January 14, 2021 · 0 Comments
by BRIAN LOCKHART
Several years ago I was invited to attend a family party on a rural property to document the event for a newspaper article.
The party was held to recognize the family’s anniversary of arriving on Canadian soil from the Netherlands in the 1950s.
They had moved into their newly built house the previous year. It was a nice property surrounded by trees with a long driveway.
I was speaking to the homeowner and asked him about the work it took building his new house on a treed lot.
He explained they had cleared the lot using chainsaws. After cutting down the trees to make room for the house and a yard, they had to reduce the trees to single logs which were they placed on the back of a flatbed truck using a crane.
Once loaded up, the truck pulled onto the paved road and made an easy journey to the sawmill some 50 miles away.
The homeowner made some money back by selling the hardwood to the mill.
“That must have been a tough job doing all that yourself?” I asked him.

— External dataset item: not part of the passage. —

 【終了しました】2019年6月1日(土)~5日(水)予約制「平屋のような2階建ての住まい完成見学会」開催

He admitted it was a hard job with a lot of ‘back-breaking’ work to get all those trees cut and the land cleared.
Now imagine the same scenario of clearing that land and building the house in a different way.
You don’t get to use a chainsaw – you have to use a hand held axe. Instead of loading those heavy logs on a flatbed truck with a crane, you use your own muscle power and it is a pair of oxen that pull the cart – onto a muddy pathway, not a road.

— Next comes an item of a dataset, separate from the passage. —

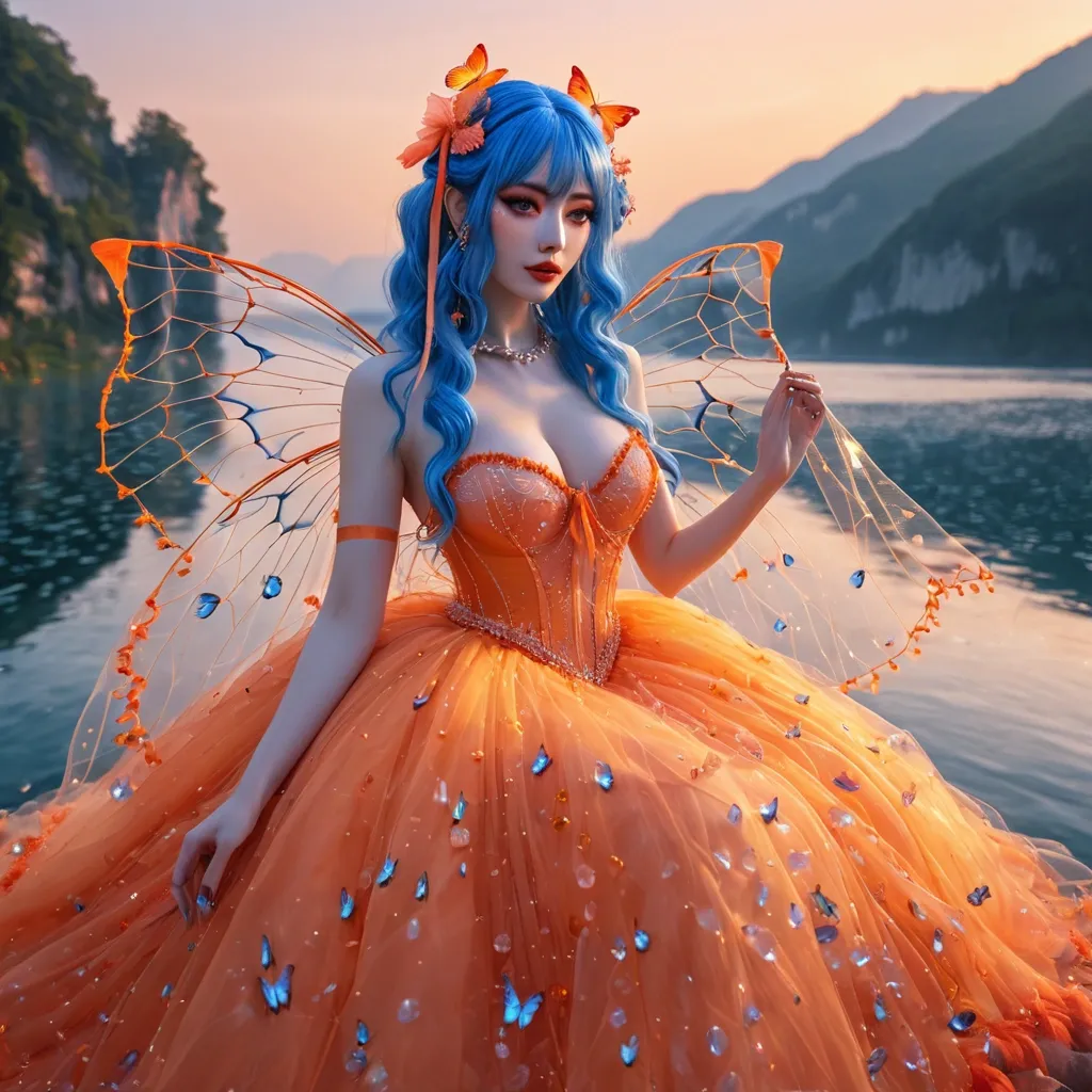 8k resolution , Masterpiece , top masterpiece , silk orange gradient skirt , aestheticism , carp girl , fluffy blue hair , luminescence , beads , hair ribbon , peach , longeyelashes , cute , nose blush , ultra-high definition , dreamlike , gorgeous , gentle , small , attractive , delicious , crystal clear , crystal , sweet , movie light , fishing net , tulle , butterfly , aestheticism ,

Even then you won’t sell those logs. You’ll use them to build the home you will live in because there are no places to buy building supplies and there are no tradesmen you can hire to help you do the job.
That was the reality for the early settlers in the region.
And that was only the start of a very difficult situation. Once you have your home built, you will have to have enough food stored to survive the winter.
When the spring rolls around, it starts all over again but an even tougher task is ahead. You have to clear a lot of land, rocks, trees, and tree stumps to make the land suitable for farming.
Early immigrants arrived in the region with hopes and dreams of a new life. Whether they realized how difficult it would really be is hard to say.
I’m sure there was more than one early young pioneer wife who thought it may have been a mistake leaving her small village in Ireland to sign up for life in the backwoods of a new colony.
Everything ahead of them had to be carved out of a wild, open area with no support behind them at all. You couldn’t find a doctor if you needed one because there weren’t any.
If you got sick, the best you could do was hope some home remedy worked. If the bull in your pasture got the better of you one day and left you with a pile of broken bones, your chances of survival would be slim to none, and you spent your last couple of days in the cabin waiting for the end.
It was a tough life.
Considering our towns and cities in North America were essentially built from scratch, it is important to remember the early pioneers who paved the way and provided the foundation of what is a rather cushy modern life.
Many of those early pioneers are now only remembered in the form of a name and a date etched into granite or limestone in scattered pioneer cemeteries, while others are simply lost in time or buried in forgotten and unmarked graves in the back-40 of some farm pasture.
While many families eventually moved on to greener pastures, in some areas those pioneer names are still around and in some cases the family farm has been passed down through the generations.
It is important to remember these early pioneers and the legacy they have left behind.
That legacy continues to our current day and will be passed down to the generations still to come.